Task prompt
Only the lines from the line that contains "Poggiante su tavolo" through the final line of the entries below belong in your answer, copied exactly and without pictures.

Provided records
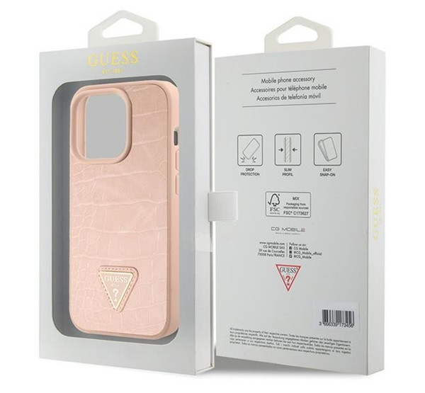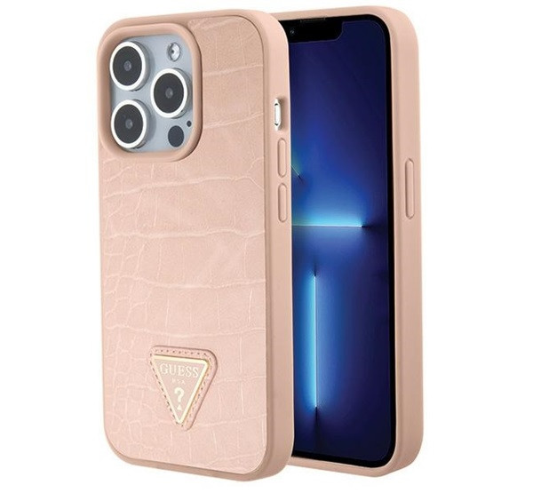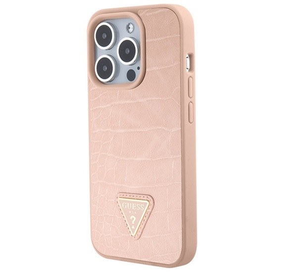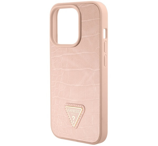 Guess Croco Triangle Metal Logo Apple iPhone 15 Pro hátlap tok, rózsaszín
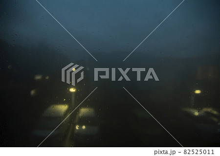 強い雨の夜に部屋から窓の外を眺める
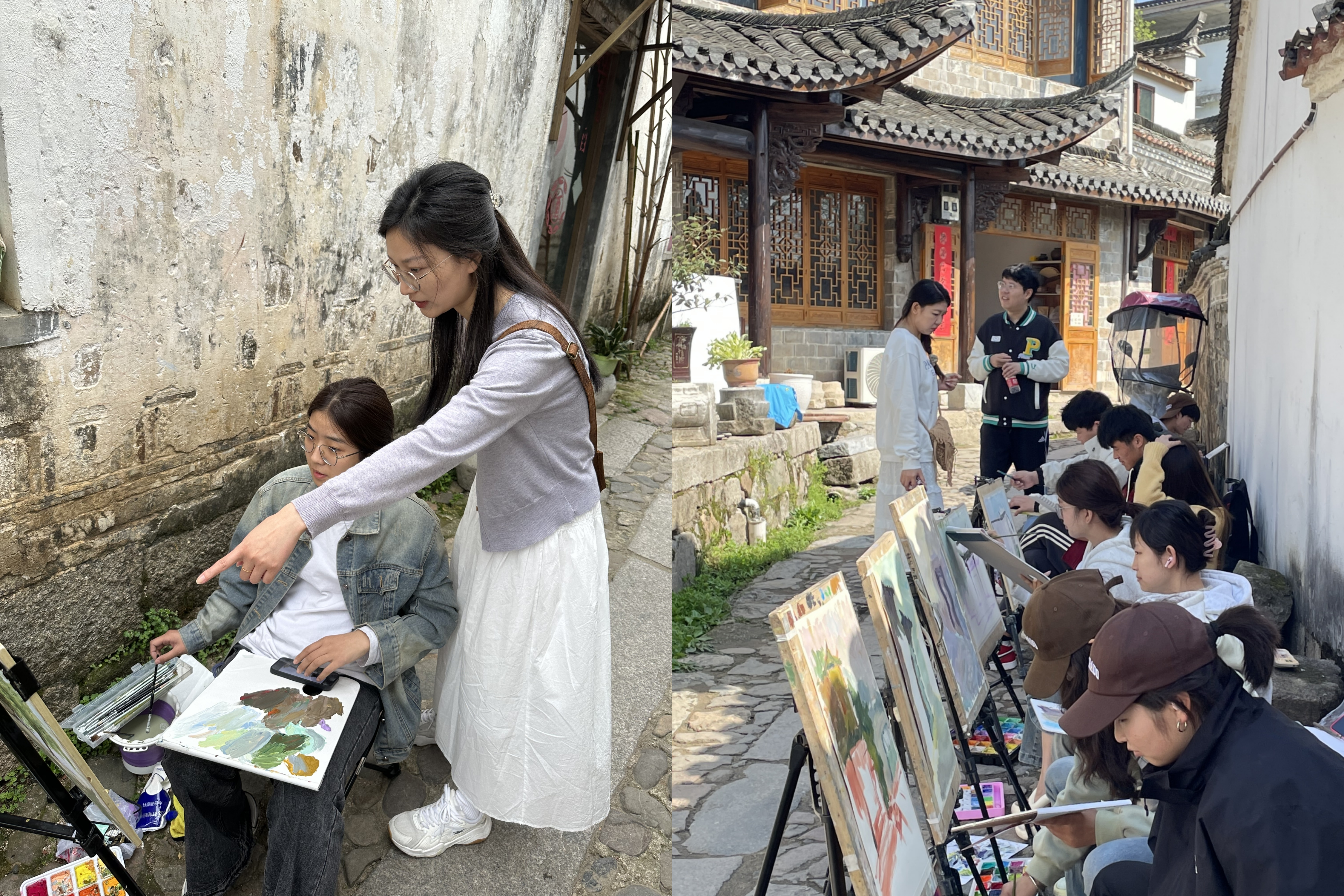 活动期间,同学们穿梭在历史文化悠久的安徽查济古村落,沉浸于徽派建筑风格的魅力,在美景中寻找历史的痕迹。在老师的指导下,同学们对当地的景观、建筑、人文都有了一定的感受和体会,将意境通过构图、疏密、节奏等用画笔记录和表达。为了更好地拓展艺术专业基础知识面,提升同学们民族文化自信,师生们分别对中国宣纸文化园、桃花谭景区、新四军军部进行考察调研,通过感受我国深厚的文化底蕴,激起了同学们的爱国情怀,起到了课程思政的作用,也在实践中得到了成长。
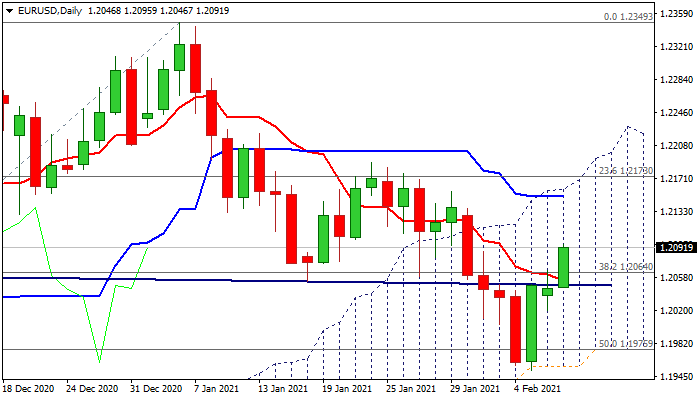 Pivotal 1.21 resistance zone (20DMA / Fibo 38.2% of 1.2349/1.1952) is in focus, with sustained break here to confirm higher low at 1.1955 and expose key barriers at 1.2158 (daily cloud top) and 1.22 zone (Jan 22 lower top / Fibo 61.8%).
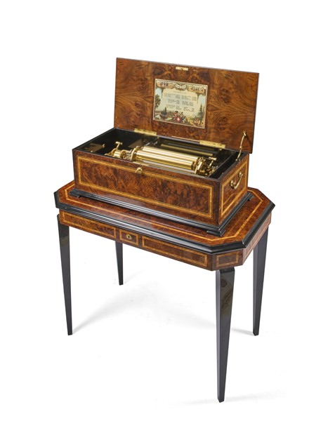 Poggiante su tavolo con piano ottagonale e gambe sfaccettate (cm 93x76,5x57) (difetti, la macchina musicale necessita di una revisione)
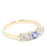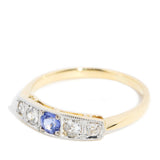 A delicate dance of light and colour, the Sholmo Diamond Sapphire Band is a picture of understated beauty. Sparkling old cut diamonds frame a central, serene blue sapphire, all set within a band of 18 carat yellow and white gold. She is a whisper of elegance, a perfect complement to any style.

Answer to this problem
 Poggiante su tavolo con piano ottagonale e gambe sfaccettate (cm 93x76,5x57) (difetti, la macchina musicale necessita di una revisione)
 A delicate dance of light and colour, the Sholmo Diamond Sapphire Band is a picture of understated beauty. Sparkling old cut diamonds frame a central, serene blue sapphire, all set within a band of 18 carat yellow and white gold. She is a whisper of elegance, a perfect complement to any style.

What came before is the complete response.